Otto Mauthe was born in Derdingen (today Oberderdingen ) as the son of a forester . At first he was a medical officer in Herrenberg . In 1934 he joined the NSDAP .

Mauthe was senior medical advisor in the Württemberg Ministry of the Interior and since 1936 “ reporter for the insane as well as marriage and hereditary health issues ”. He was the deputy of Ministerialrat Eugen Stähle in Business Section X Medical Department and reported directly to it. The "euthanasia" campaign was directly in his area of ​​responsibility, he was "involved in its organization and implementation to a large extent [...]".

Mauthe and Karl Mailänder , the head of the Württemberg State Welfare Authority, examined the Grafeneck killing center together with a Baden official on May 24, 1939 . Grafeneck was later confiscated to carry out the "euthanasia" murders. On March 7, 1940 "begaffte" Mauthe along with steel and others in the grafeneck the gasification of a group of female victims.

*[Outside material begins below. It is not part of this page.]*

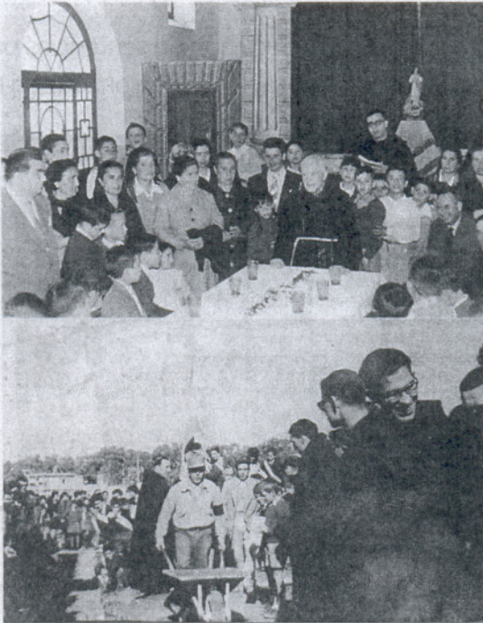
Imágenes de los años 60 de la historia franciscana.

After several denominational and privately run institutions initially refused to fill out registration forms, which were used by the T4 experts at the T4 central office to "select those to be killed" ( Werner Kirchert ), Mauthe and the state youth doctor Max Eyrich campaigned on site with particular persistence, partially filled out registration forms by hand and undertook “real patient selections”.

"In the list of state nurses I have marked all those with a blue triangle who do not work or work very little, have mostly been in the institution for a long time and do not come from the area [...]"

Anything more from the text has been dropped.